## DESCRIPTION OF THE TASK
This exercise calls for retyping every line below exactly, with the images omitted.

## Stored data entries
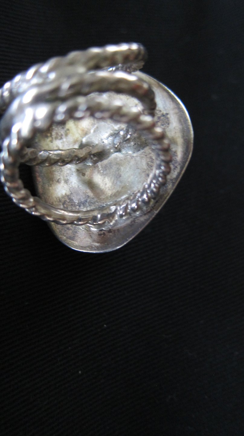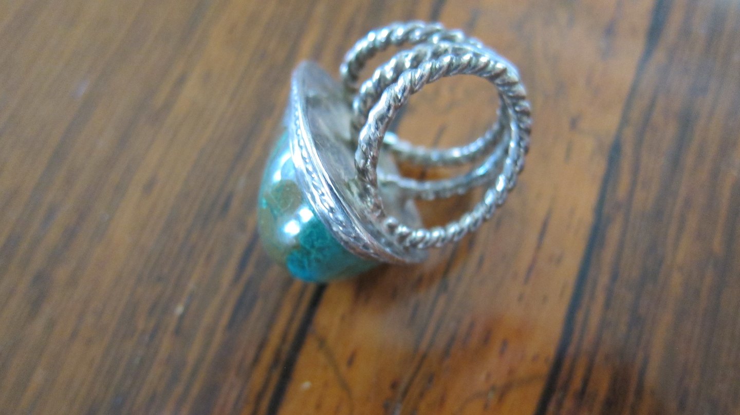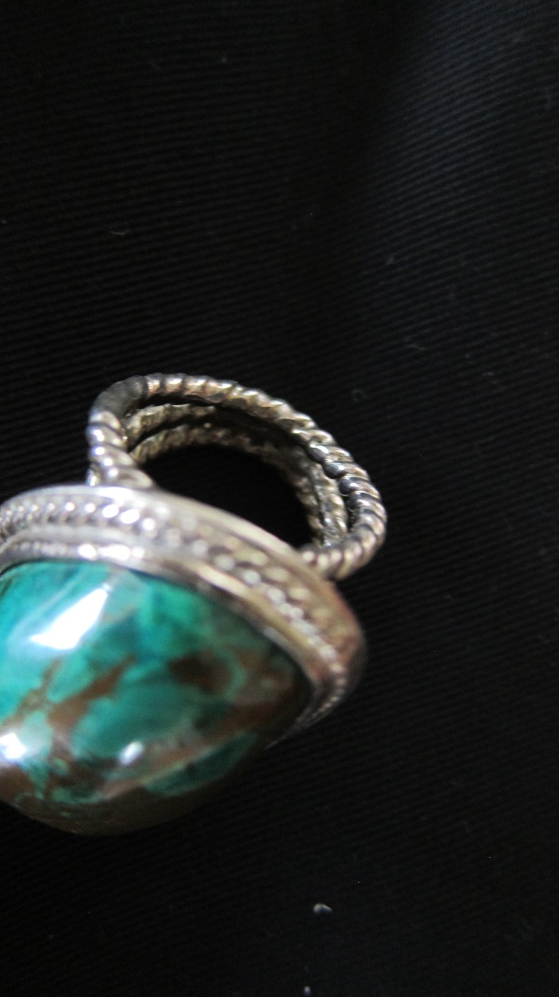 A ring made of silver with a beautiful green stone ,- a very beautiful and personable ring
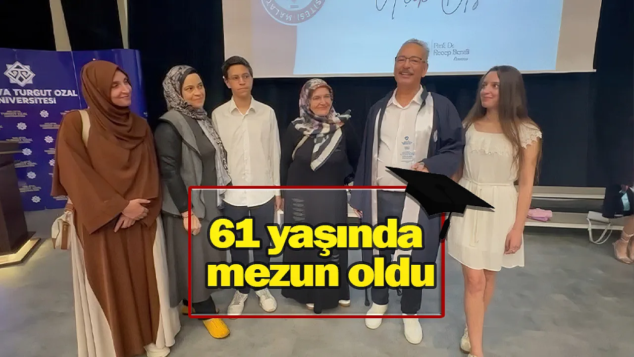 Malatya Turgut Özal Üniversitesi'nin mezuniyet törenine 61 yaşındaki Murat Esen damga vurdu. Madencilik Bölümü'nü birincilikle tamamlayan Esen, diplomasını eşi, kızları ve torunlarıyla birlikte alarak büyük alkış topladı.
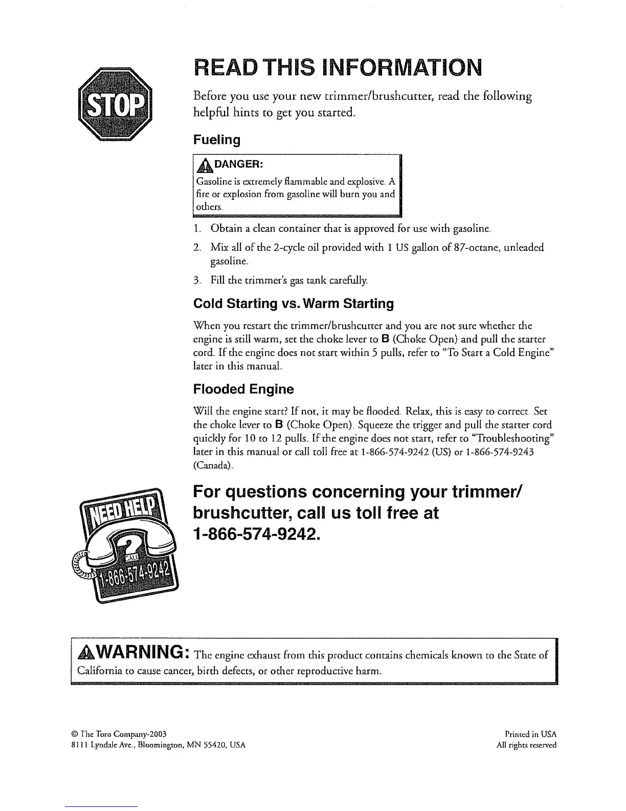 later in this manual or call toll f?ee at 1-866-574-9242 (US) or 1-866-574-9243
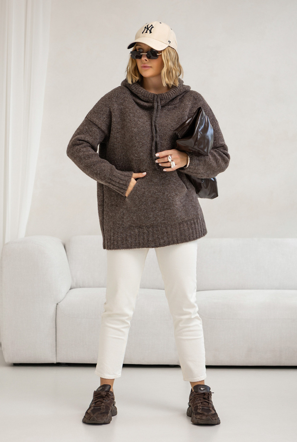 Sweter oversize z kapturem Kangurka Ciemne Kakao
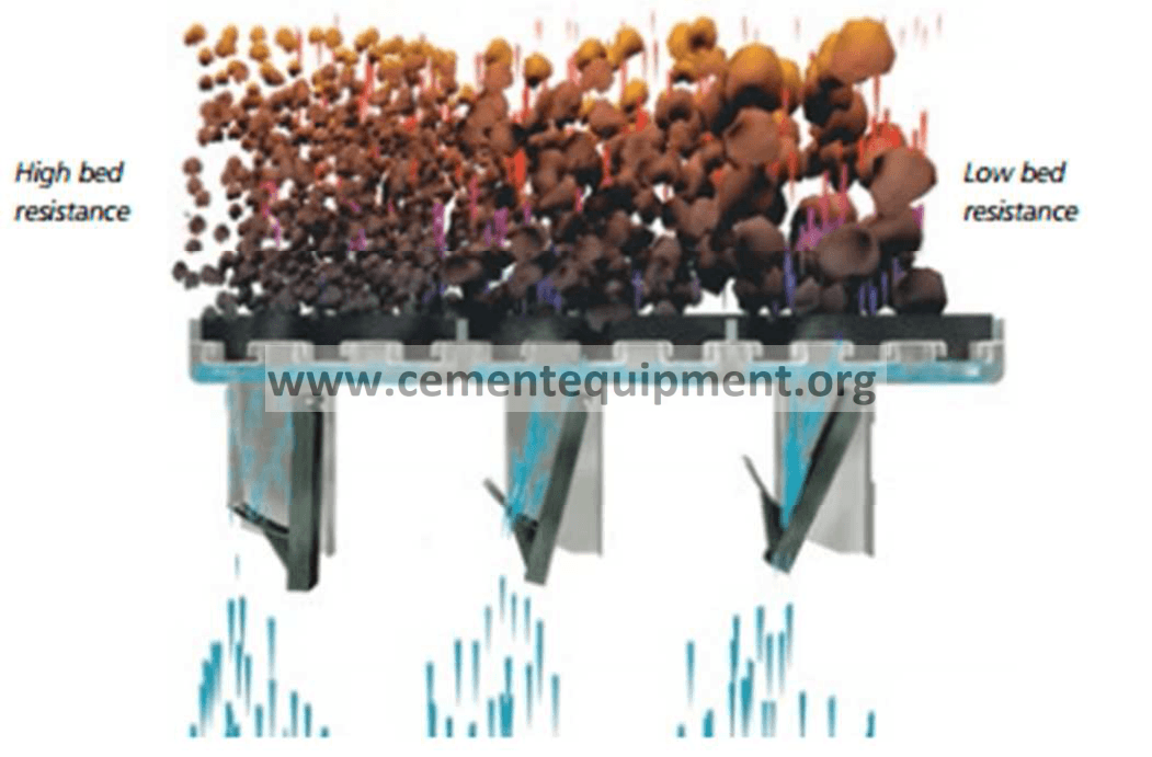 A fixed inlet section with controlled air blasters composed of 10 grates wide by 5 rows long of stepped stationary plates with mechanical flow regulators was installed at the inlet end of the cooler.
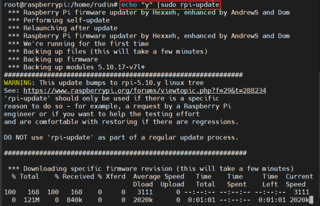 $ echo "y" | sudo rpi-update
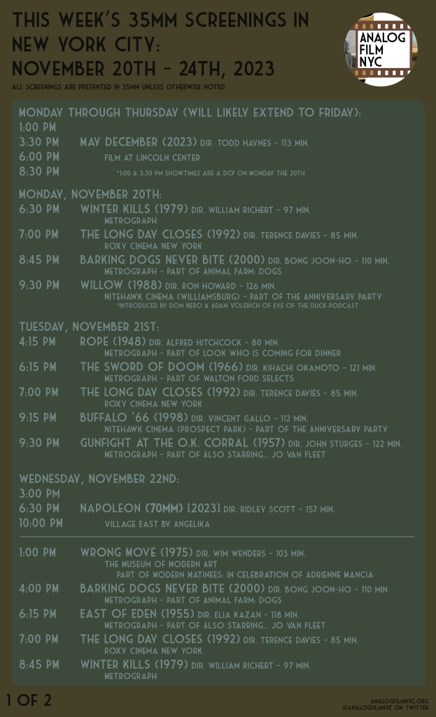 May December at Film at Lincoln Center, The Long Day Closes at the Roxy Cinema, The Anniversary Party at Nitehawk Cinemas, Napoleon in 70mm at Village East by Angelika, Hepburn & Grant at the Museum of the Moving Image & more.

## ANSWER TO THE PROBLEM
 A ring made of silver with a beautiful green stone ,- a very beautiful and personable ring
 Malatya Turgut Özal Üniversitesi'nin mezuniyet törenine 61 yaşındaki Murat Esen damga vurdu. Madencilik Bölümü'nü birincilikle tamamlayan Esen, diplomasını eşi, kızları ve torunlarıyla birlikte alarak büyük alkış topladı.
 later in this manual or call toll f?ee at 1-866-574-9242 (US) or 1-866-574-9243
 Sweter oversize z kapturem Kangurka Ciemne Kakao
 A fixed inlet section with controlled air blasters composed of 10 grates wide by 5 rows long of stepped stationary plates with mechanical flow regulators was installed at the inlet end of the cooler.
 $ echo "y" | sudo rpi-update
 May December at Film at Lincoln Center, The Long Day Closes at the Roxy Cinema, The Anniversary Party at Nitehawk Cinemas, Napoleon in 70mm at Village East by Angelika, Hepburn & Grant at the Museum of the Moving Image & more.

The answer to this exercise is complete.